Introduction to Bayesian Statistics: A Different Way of Thinking

January 25, 2024•3 min read

StatisticsBayesianMathematicsProbability

Introduction to Bayesian Statistics: A Different Way of Thinking

Bayesian statistics offers a fundamentally different approach to statistical inference. Instead of treating parameters as fixed but unknown, Bayesian statistics treats them as random variables with probability distributions.

The Bayesian Framework

At the heart of Bayesian statistics is Bayes' theorem:

$P(\theta|D) = \frac{P(D|\theta) \cdot P(\theta)}{P(D)}$

Where:

$P(\theta|D)$ is the posterior - what we believe about $\theta$ after seeing data $D$
$P(D|\theta)$ is the likelihood - how probable the data is given $\theta$
$P(\theta)$ is the prior - what we believed about $\theta$ before seeing data
$P(D)$ is the evidence - the probability of observing the data

A Simple Example: Coin Flipping

Suppose we want to estimate the probability $p$ that a coin lands heads. In the Bayesian approach:

Prior Distribution

We start with a prior belief. Let's use a Beta distribution:

$p \sim \text{Beta}(\alpha, \beta)$

For a fair coin, we might choose $\alpha = \beta = 1$ (uniform prior).

Likelihood

For $n$ flips with $k$ heads, the likelihood is:

$P(D|p) = \binom{n}{k} p^k (1-p)^{n-k}$

Posterior Distribution

The posterior is also a Beta distribution (conjugate prior):

$p|D \sim \text{Beta}(\alpha + k, \beta + n - k)$

Implementation in Python

import numpy as np
import matplotlib.pyplot as plt
from scipy import stats

def bayesian_coin_inference(flips, alpha_prior=1, beta_prior=1):
    """
    Bayesian inference for coin bias.
    
    Args:
        flips: list of 0s and 1s (0=tails, 1=heads)
        alpha_prior: prior Beta parameter
        beta_prior: prior Beta parameter
    
    Returns:
        posterior Beta distribution parameters
    """
    heads = sum(flips)
    tails = len(flips) - heads
    
    # Update parameters
    alpha_post = alpha_prior + heads
    beta_post = beta_prior + tails
    
    return alpha_post, beta_post

# Example usage
observed_flips = [1, 0, 1, 1, 0, 1, 1, 1, 0, 1]  # 7 heads, 3 tails
alpha_post, beta_post = bayesian_coin_inference(observed_flips)

# Plot results
x = np.linspace(0, 1, 1000)
prior = stats.beta(1, 1)
posterior = stats.beta(alpha_post, beta_post)
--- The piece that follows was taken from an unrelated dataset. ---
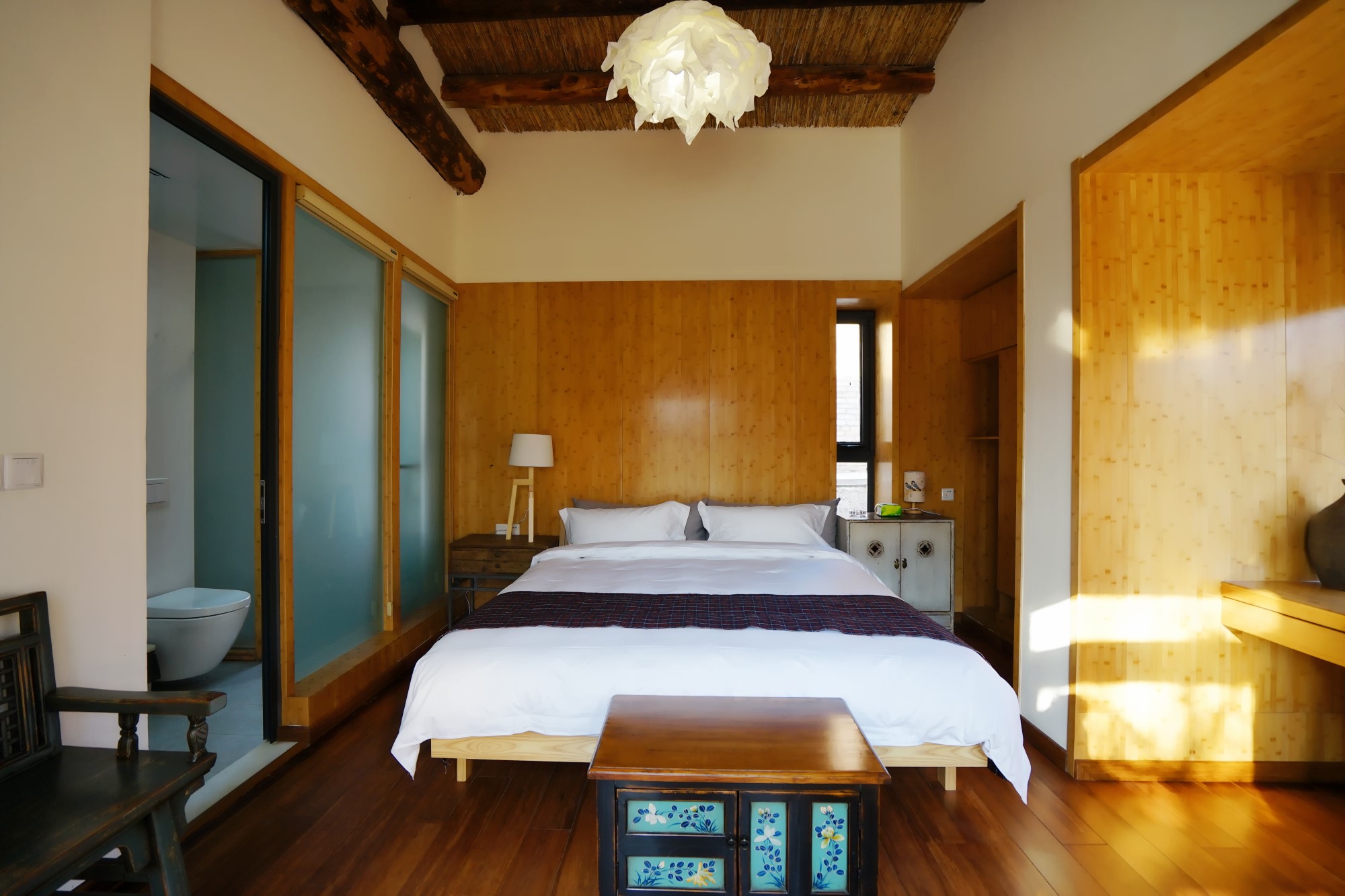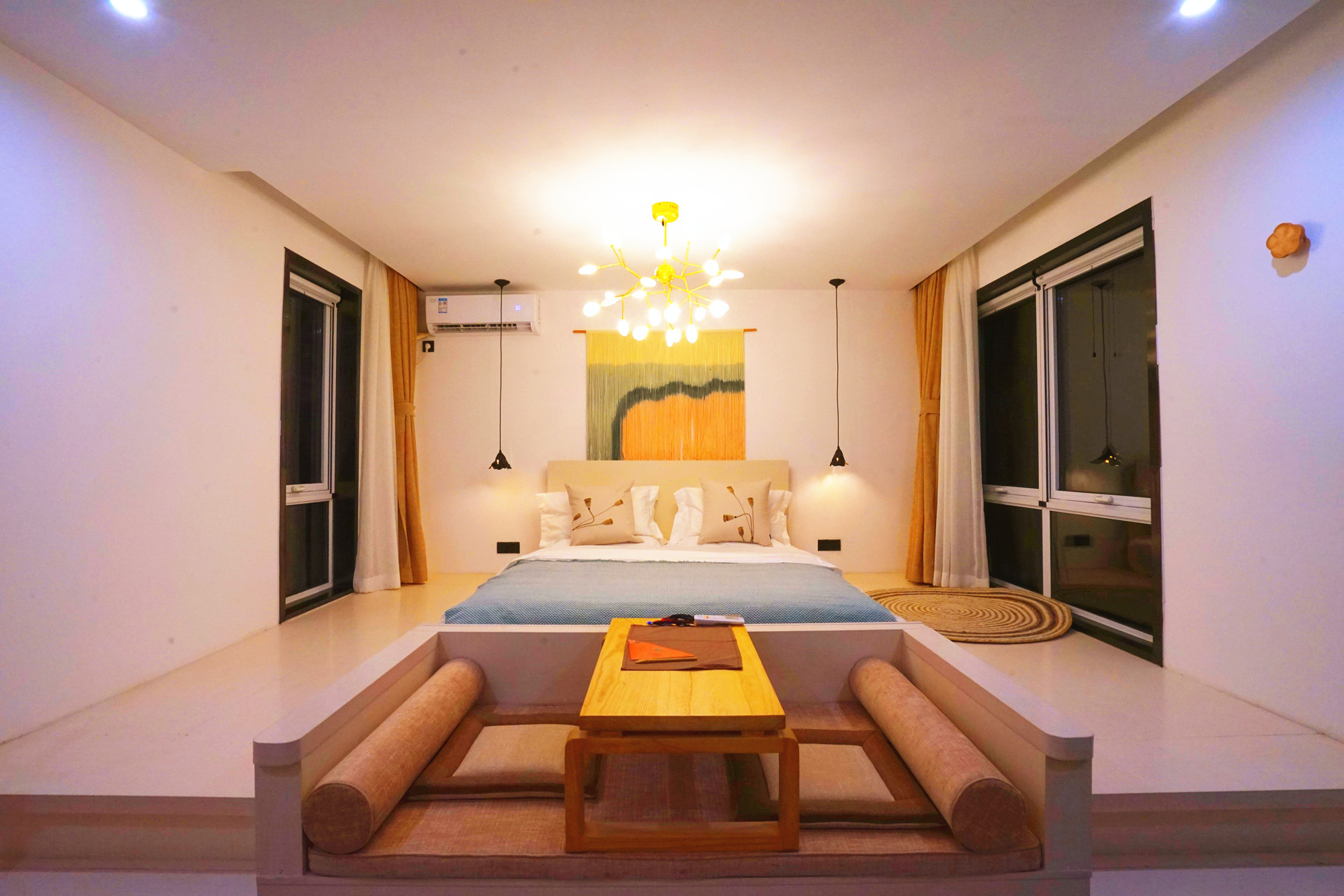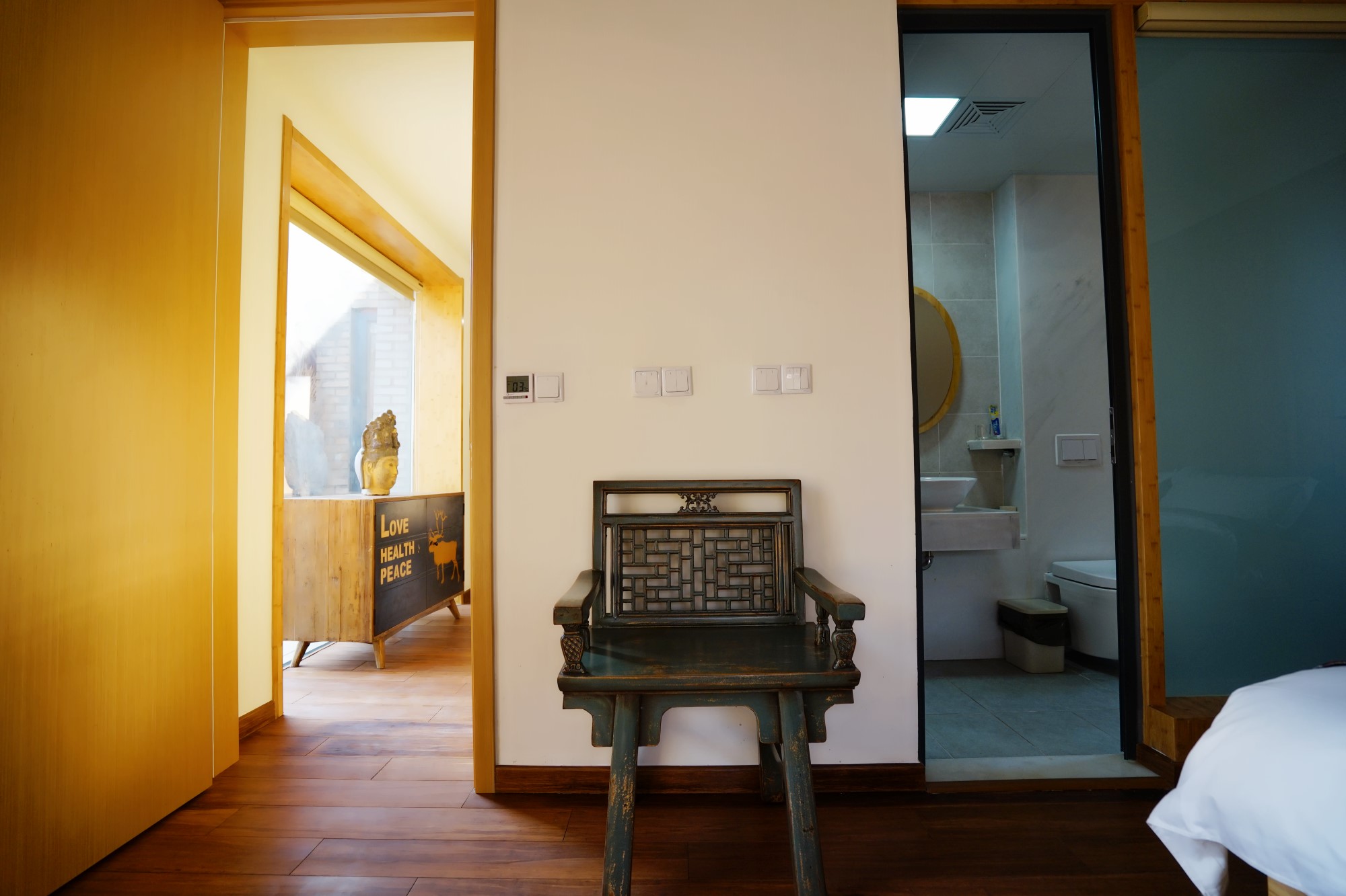 我们住的村宿都是独立的院落,每一个院子的大小都不一样。我住的是有两个房间,带一个大客厅,有庭院的小院。房间的格局非常棒,大床房。房间内的小摆件都与荷花息息相关,残荷的灯饰,绣着荷花的靠枕,墙壁上的挂件都是荷叶的形状。

plt.figure(figsize=(10, 6))
plt.plot(x, prior.pdf(x), label='Prior', linestyle='--')
plt.plot(x, posterior.pdf(x), label='Posterior', linewidth=2)
plt.axvline(0.5, color='red', linestyle=':', label='Fair coin')
plt.xlabel('Probability of Heads')
plt.ylabel('Density')
plt.legend()
plt.title('Bayesian Coin Inference')
plt.show()

Credible Intervals

Unlike confidence intervals, Bayesian credible intervals have an intuitive interpretation:

$P(a < \theta < b | D) = 0.95$

This means there's a 95% probability that $\theta$ lies between $a$ and $b$ given our data.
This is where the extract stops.